「関学の研究室は学習の研究を実験的にやっているところだから,性格とか人格といったたぐいの文献は本学図書館にはない。アメリカ文化センターならそういったものの最新情報を載せた雑誌があるはずや」
ということになって大阪市内船場にあったアメリカ文化センターに足を運んだ。そして行き当たったのがロールシャッハ・テスト(Rorshach test)の研究を特集した文献であった。これが私が初めて出合った臨床心理学の文献である。

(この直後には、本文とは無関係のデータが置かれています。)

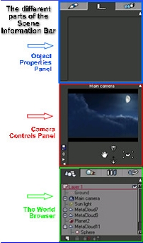 You Will a los notice that if you make the scene información bar todo big, the preview panel Will reposition itself todo the top of the screen, along side the properties panel and expanding the world browser upwards.

私は辞書を片手に連日通いつめ,訳の分からない図柄を見て,それが何に見えるかを問い,その答えで性格を分析するものであるということがおぼろげながら分かってきた。ところがそのオリジナル図版が研究室にも図書館にもない(1952年当時)。研究誌に載っている図版は,全部がモノクロームの小さな写真で,全体の図柄の一部分をピックアップし,詳細な分析を加えた代物がほとんどである。オリジナル図版にでくわしたのはそれから間もなくであったが,「なるほどすごいことを考えたもんじゃ。アメリカ人は偉い。戦争に負けるのも当たり前や」と,ロールシャッハ・テストがアメリカのものであると信じる無知なる男は,単純に感に耐えてその図版に見とれていた。見て感心しているだけでは卒論に届かない。といって分析のことを細かく解読してゆく英語力も,心理学の知識もない。そこで考えたのがロールシャッハの10枚の絵柄であった。その中には色彩のある図版があるが,「もし色抜きのモノクロームであれば反応が違ってくるのではないか。よし,これや」と,色彩図版と同じモノクロームの図版を作って比較してみようと思い立ったのである。「これは実験や。うちの教室にふさわしい仕事になる」と思い込んだのである。そして,誰の指導も受けないで卒業論文を仕上げた。